Data provided >>
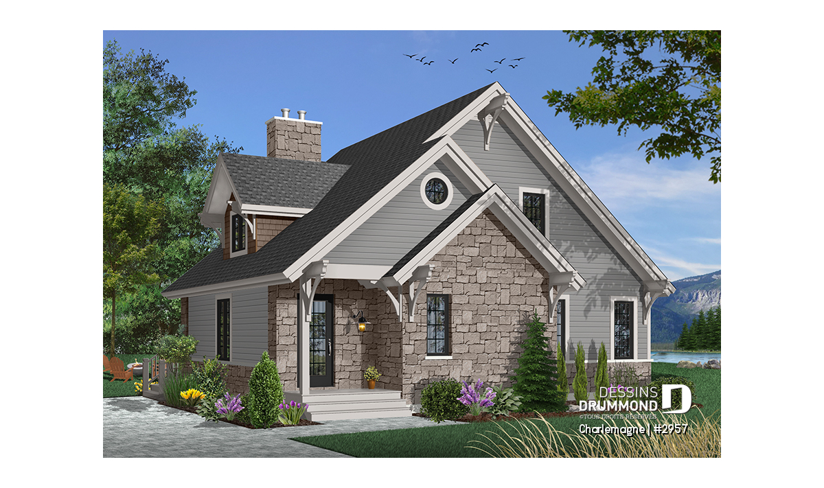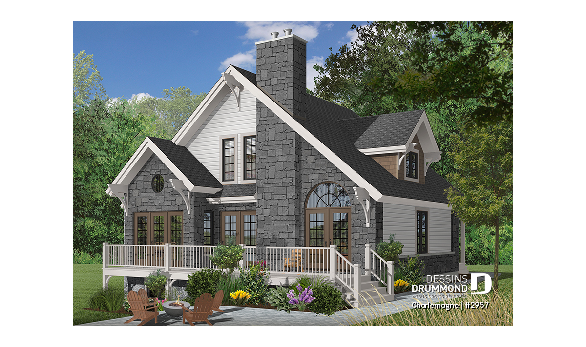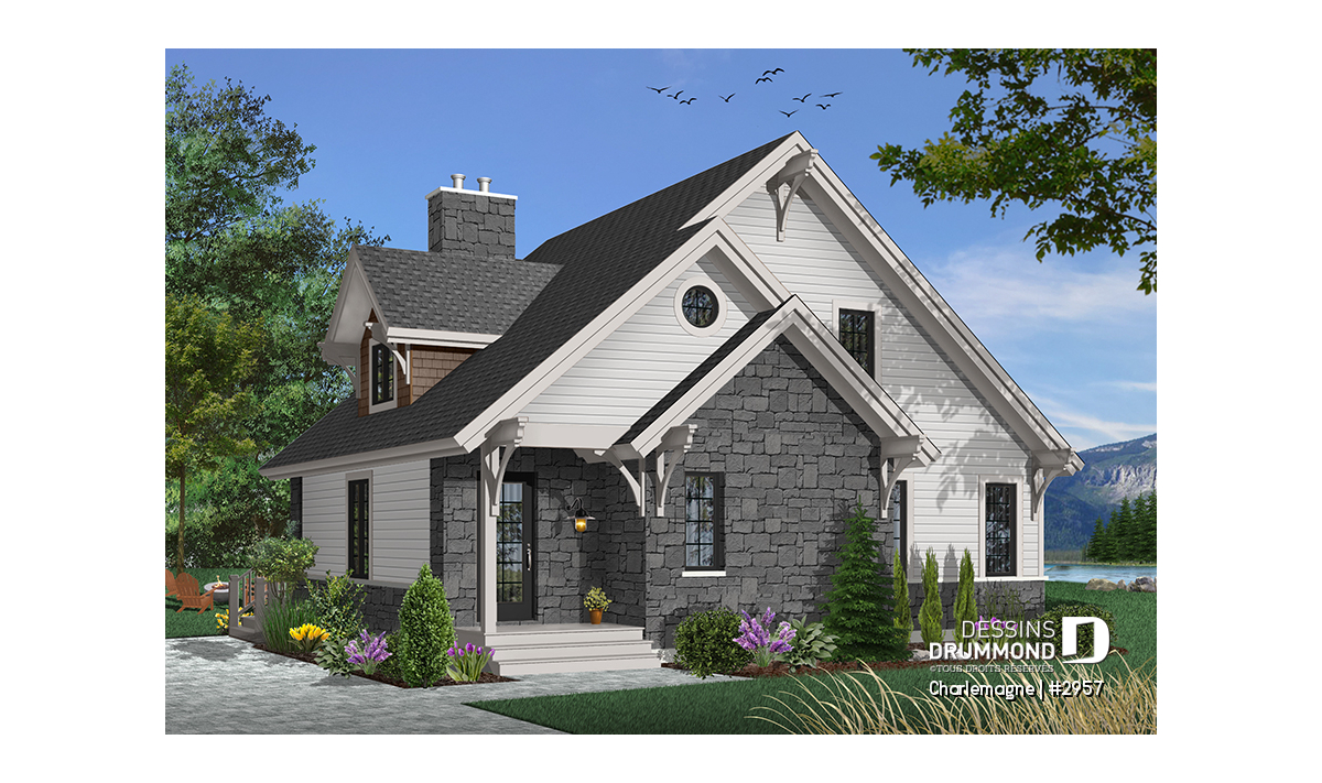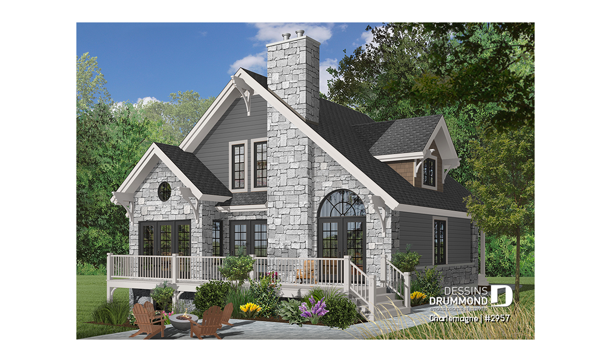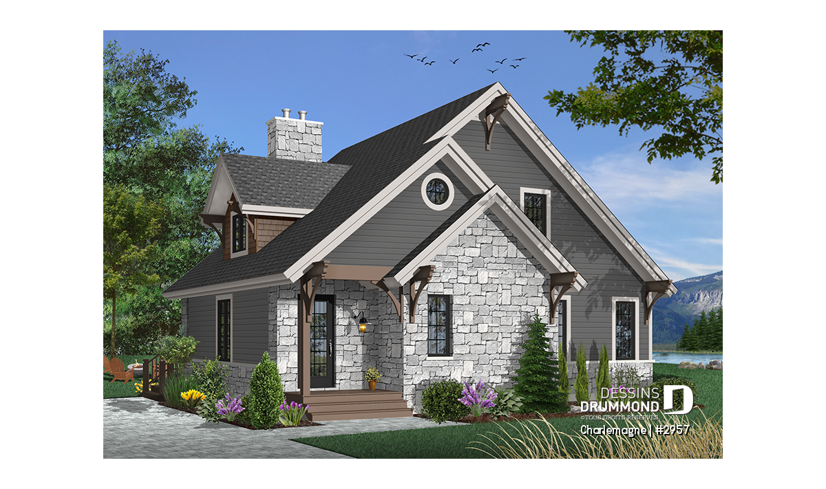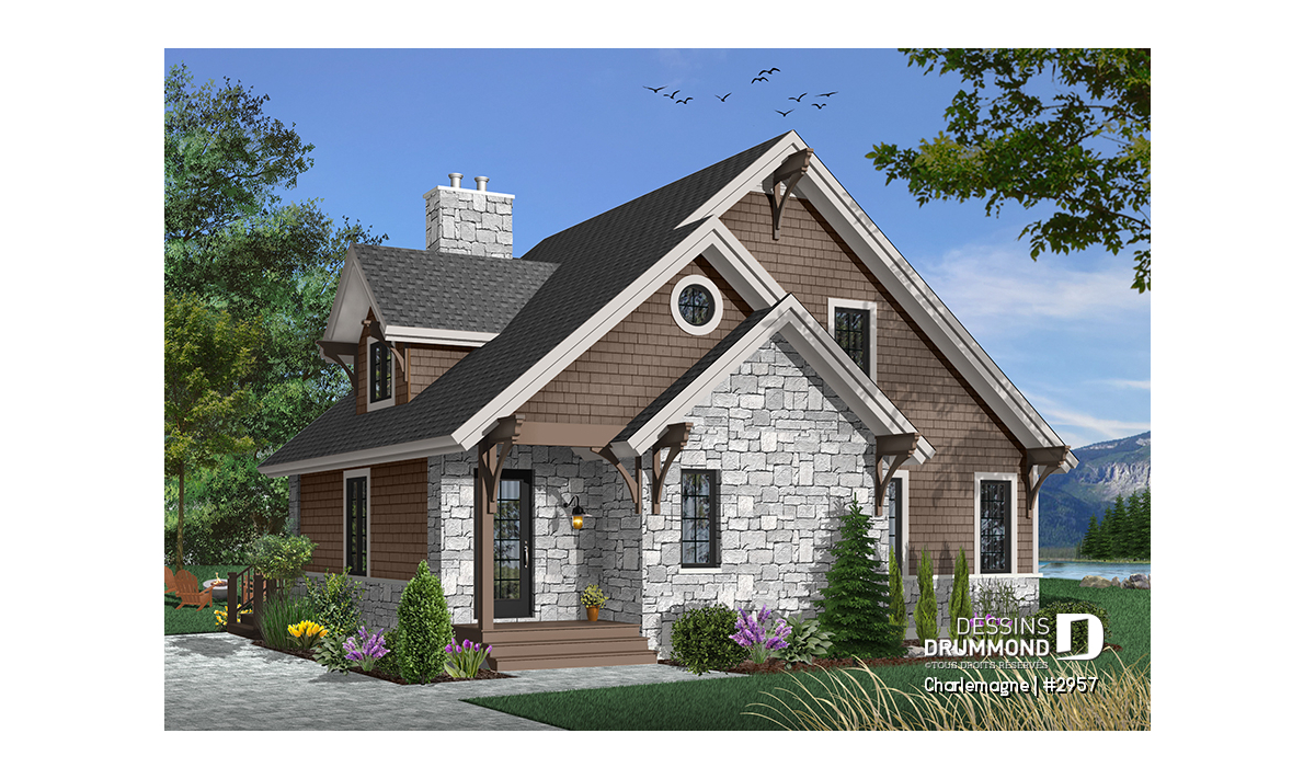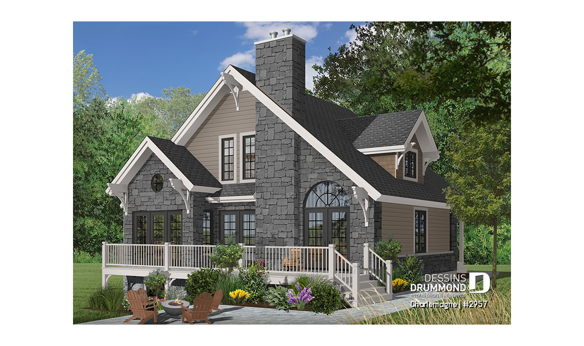 Plan de maison de style chalet de ski offrant une vue spectaculaire ou un accès près de l’eau.
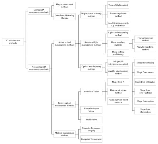 According to the implementation steps, the 3D reconstruction technology can be divided into two main parts: digital point cloud acquisition and point cloud data processing. The classification of 3D information measurement methods, which is considered the most fundamental point cloud acquisition method, is given in Figure 1.
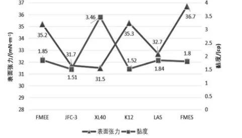 查閱大量文獻(xiàn)發(fā)現(xiàn),大多數(shù)表面活性劑溶液在質(zhì)量分?jǐn)?shù)達(dá)到5%時(shí),其表面張力變化程度保持在穩(wěn)定的數(shù)值。因此本文對(duì)表面活性劑溶液按質(zhì)量分?jǐn)?shù)為5%進(jìn)行實(shí)驗(yàn)研究,實(shí)驗(yàn)結(jié)果如圖2所示。
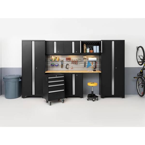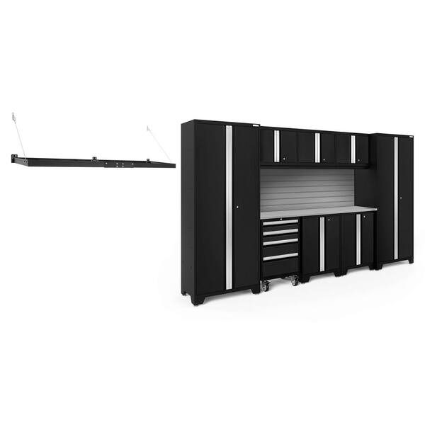 Bold Series 132 in. W x 76.75 in. H x 18 in. D 24-Gauge Steel Garage Cabinet Set in Black (9-Piece)
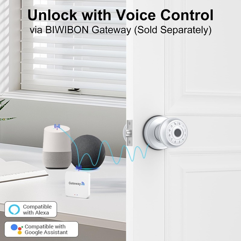 - Seamless Remote and Voice Control: Pair the thumbprint door knob with the BIWIBON gateway for intuitive remote and voice control via your smartphone. Manage access, check lock status, and control settings from anywhere.
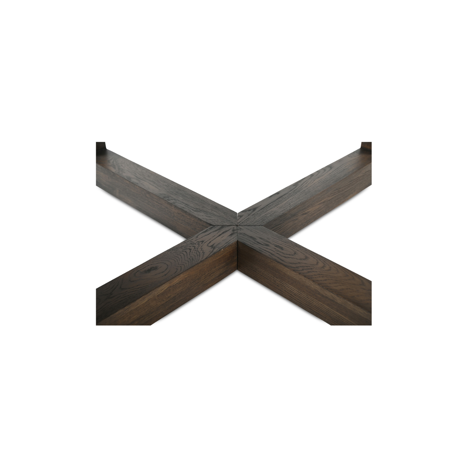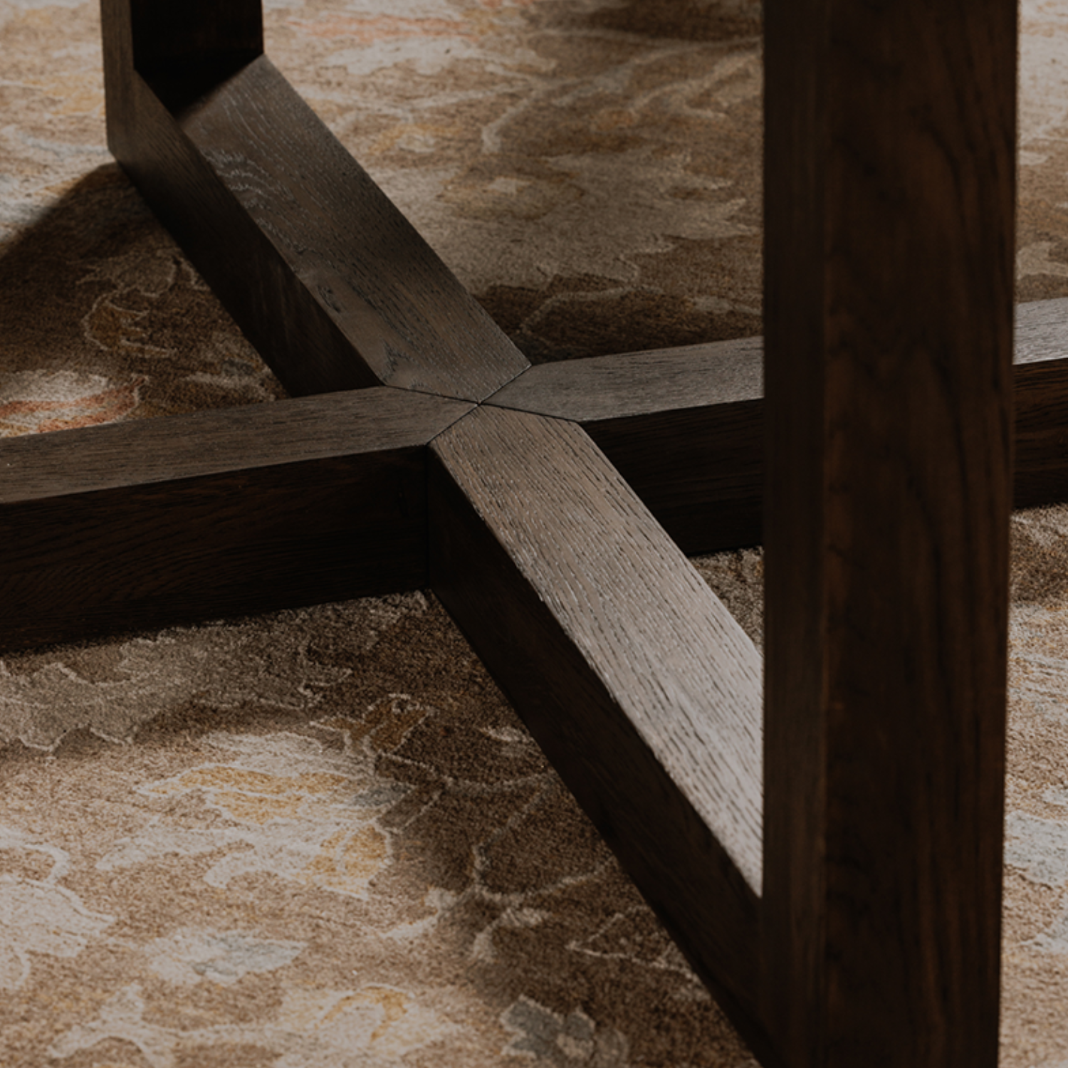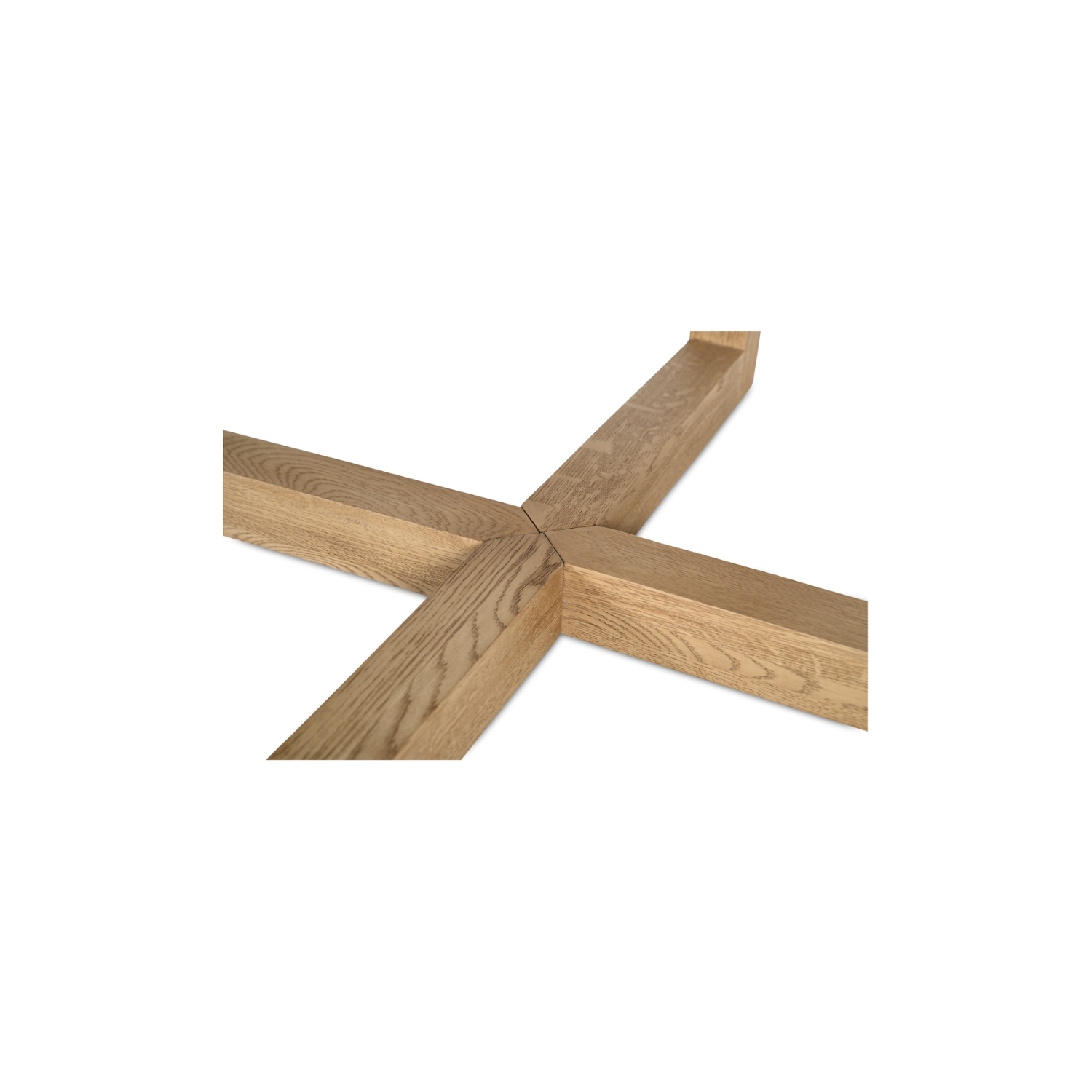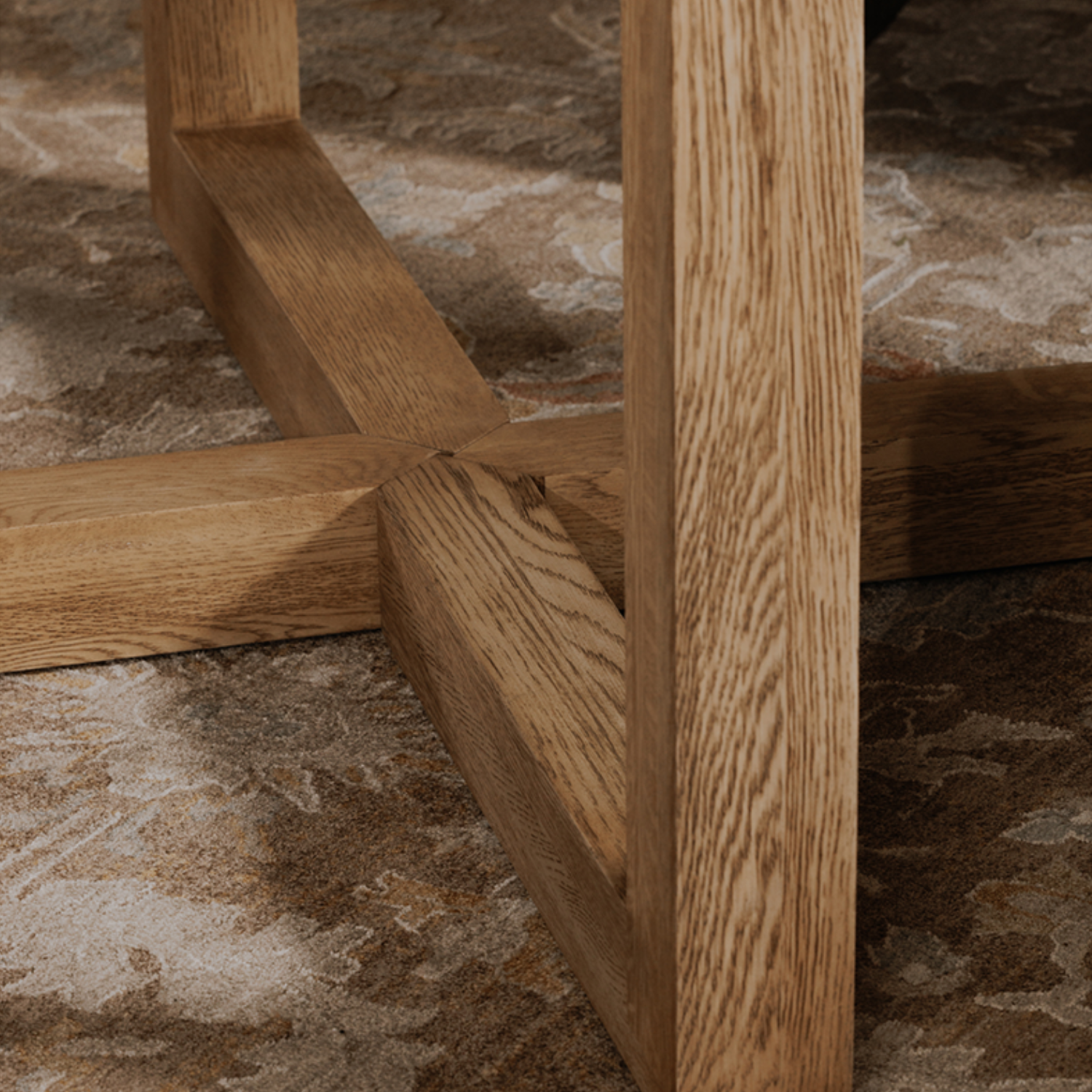 The geometric base, with crisscrossing stretchers, grounds the piece with quiet confidence. A natural, wire-brushed finish enhances the oak's organic beauty, creating a focal point of understated elegance.

Exercise requirements >> Within the listing above, extract exactly the lines that run from the one containing "查閱大量文獻(xiàn)發(fā)現(x" through the one containing "Bold Series 132", excluding any pictures.

Expected answer >>
 查閱大量文獻(xiàn)發(fā)現(xiàn),大多數(shù)表面活性劑溶液在質(zhì)量分?jǐn)?shù)達(dá)到5%時(shí),其表面張力變化程度保持在穩(wěn)定的數(shù)值。因此本文對(duì)表面活性劑溶液按質(zhì)量分?jǐn)?shù)為5%進(jìn)行實(shí)驗(yàn)研究,實(shí)驗(yàn)結(jié)果如圖2所示。
 Bold Series 132 in. W x 76.75 in. H x 18 in. D 24-Gauge Steel Garage Cabinet Set in Black (9-Piece)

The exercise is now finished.